Tech & Privacy Reviewed Jul 2026

Section 230, Explained

Twenty-six words in a 1996 statute decide whether a website can be sued over what its users post. Here is what those words cover, what they don't, and where the Supreme Court has and hasn't weighed in.

In plain English

A website is not the 'publisher or speaker' of content someone else posted, and that shield holds even after the site is told the content is harmful. Congress wrote broad immunity into the statute, and courts have read it broadly ever since.

Zeran v. America Online, Inc., 129 F.3d 327 (4th Cir., 1997)

Section 230 of the Communications Decency Act is a single federal statute that shapes almost everything about how comment sections, review sites, and social platforms operate. It was enacted in 1996, long before most of today's internet existed, and it has barely been amended since. Understanding it means reading two short subsections, and then understanding one case that decided what they mean in real cases.

What the statute actually says

Section 230(c)(1) is the famous part: "No provider or user of an interactive computer service shall be treated as the publisher or speaker of any information provided by another information content provider." Read plainly, that sentence is 26 words, which is why it is sometimes called "the 26 words that created the internet." It means a website is not legally the author of what its users write. If a user posts something defamatory, the user can be sued for it; the hosting site generally cannot be treated as if it wrote the post itself.

Section 230(c)(2) does separate work. It immunizes providers and users for good-faith decisions to restrict access to material they consider obscene, lewd, harassing, or otherwise objectionable, whether or not that material is constitutionally protected, and for actions taken to help others filter that kind of content. In plain terms: a platform that moderates content in good faith, even overzealously, is generally protected from being sued over the moderation decision itself.
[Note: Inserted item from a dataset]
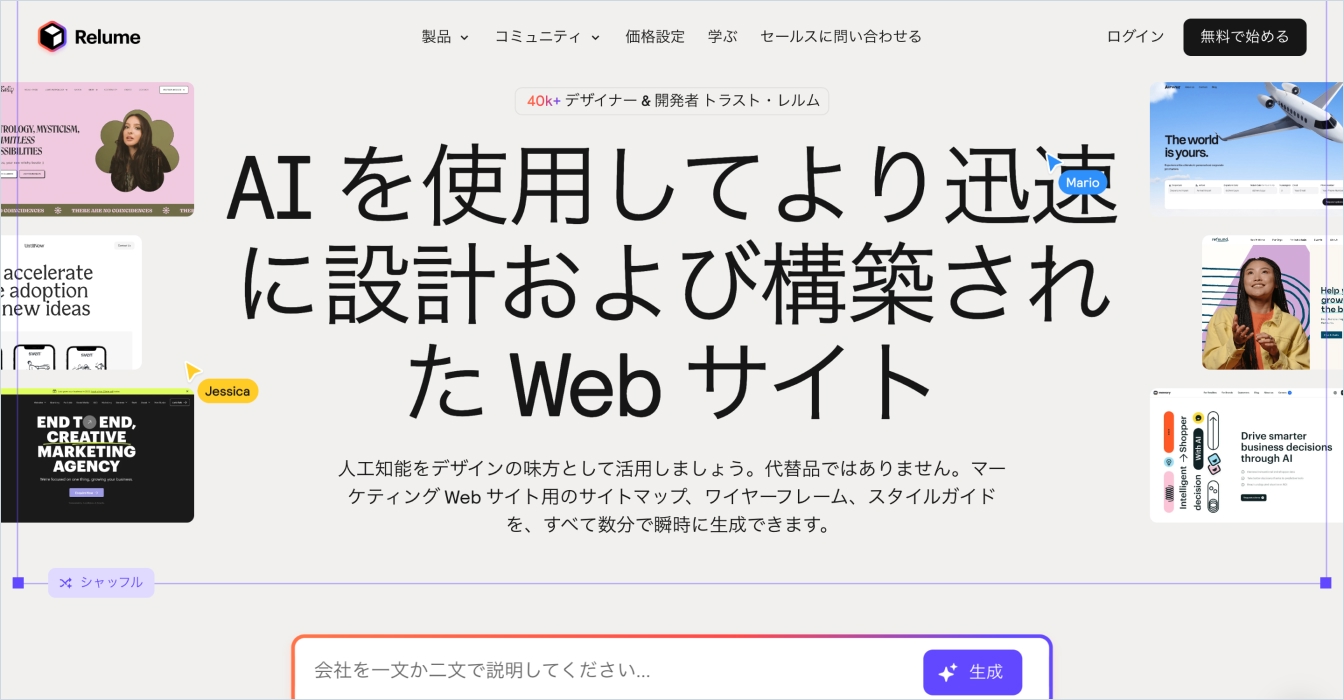 Relume(リリューム)は、そうした曖昧な部分をAIが仮に埋めてくれるため、まず“形”を出すことができます。

Why Zeran matters as much as the text

The statutory language does not, by itself, answer the hard question: does immunity survive once a platform is notified that specific content is false or harmful? In Zeran v. America Online, Inc., the Fourth Circuit said yes. An unknown poster used AOL message boards to advertise, falsely, that Kenneth Zeran was selling shirts glorifying the Oklahoma City bombing, complete with his home phone number. Zeran told AOL repeatedly and it left the posts up. The court held that Section 230 immunity applies regardless of notice: treating a notified platform as a liable "distributor" rather than an immune "publisher" would defeat the point of the statute, which Congress intended to encourage platforms to self-regulate without fear of being sued into caution or silence. Zeran became the template nearly every later court has followed in reading Section 230 broadly, and as of 2026-07-12 no Supreme Court decision has narrowed that central rule.
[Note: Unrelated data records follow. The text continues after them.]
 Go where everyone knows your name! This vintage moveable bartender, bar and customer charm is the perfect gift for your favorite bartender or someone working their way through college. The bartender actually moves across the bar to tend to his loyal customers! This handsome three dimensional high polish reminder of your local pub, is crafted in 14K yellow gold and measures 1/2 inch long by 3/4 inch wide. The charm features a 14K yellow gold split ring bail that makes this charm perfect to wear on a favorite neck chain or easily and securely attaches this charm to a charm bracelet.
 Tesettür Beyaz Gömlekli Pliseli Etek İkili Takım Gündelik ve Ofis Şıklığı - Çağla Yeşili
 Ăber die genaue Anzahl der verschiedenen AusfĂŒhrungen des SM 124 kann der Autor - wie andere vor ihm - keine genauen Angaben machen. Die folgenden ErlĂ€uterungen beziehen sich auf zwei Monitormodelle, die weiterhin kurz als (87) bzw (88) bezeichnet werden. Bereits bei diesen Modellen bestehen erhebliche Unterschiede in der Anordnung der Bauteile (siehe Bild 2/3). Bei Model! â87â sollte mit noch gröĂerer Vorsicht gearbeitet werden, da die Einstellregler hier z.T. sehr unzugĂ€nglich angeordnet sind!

What Gonzalez v. Google did and did not do

In 2023, the Supreme Court took up Gonzalez v. Google LLC, a case asking whether Section 230 shields YouTube's algorithmic recommendations, not just the underlying videos. It is tempting to describe the outcome as a Section 230 ruling. It was not. The Court issued a short, unsigned opinion that declined to reach the Section 230 question at all, because the companion case decided the same day, Twitter, Inc. v. Taamneh, unanimously held that the plaintiffs' underlying antiterrorism claims failed on their own terms regardless of Section 230. Since the complaint stated little if any claim for relief independent of the statute, the Court vacated the Ninth Circuit's judgment and remanded for further consideration given Taamneh, without deciding whether algorithmic recommendations fall inside or outside Section 230's shield. Section 230 came out of Gonzalez exactly as it went in: no holding altered, narrowed, or expanded it.
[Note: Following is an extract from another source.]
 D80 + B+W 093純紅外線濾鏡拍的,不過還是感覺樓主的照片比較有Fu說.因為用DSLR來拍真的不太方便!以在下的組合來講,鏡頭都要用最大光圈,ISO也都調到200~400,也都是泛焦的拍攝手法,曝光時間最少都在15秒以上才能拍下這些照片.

That leaves a real, unresolved fault line. Courts still disagree at the margins about claims that try to plead around Section 230 by targeting a platform's own algorithmic conduct or product design, rather than the third-party content itself, and Gonzalez left that precise question open rather than resolving it. Congress has introduced reform bills targeting Section 230 repeatedly since 2020, and none had been enacted as of this writing; the status of any such bill should be checked against congress.gov before relying on it, since it changes often. Section 230 remains one of the most litigated and most politically contested statutes in tech law, defended by some as the rule that makes open, user-generated platforms possible at all, and criticized by others as letting platforms avoid accountability for harm their design choices help cause.

Common questions

Did the Supreme Court get rid of Section 230 in Gonzalez v. Google?

No. The Court avoided the Section 230 question entirely by resolving the case on other grounds, tied to the related Twitter v. Taamneh ruling issued the same day. Section 230 is unchanged as of 2026-07-12.

Does Section 230 protect a website if it knows about defamatory content and leaves it up?

Generally yes, under Zeran v. AOL. Knowledge or notice does not by itself strip a platform of Section 230 immunity for content someone else posted.

Is Section 230 the same as the First Amendment?

No. Section 230 is a separate federal statutory immunity from civil liability. It does not derive from, and does not replace, First Amendment protection for speech.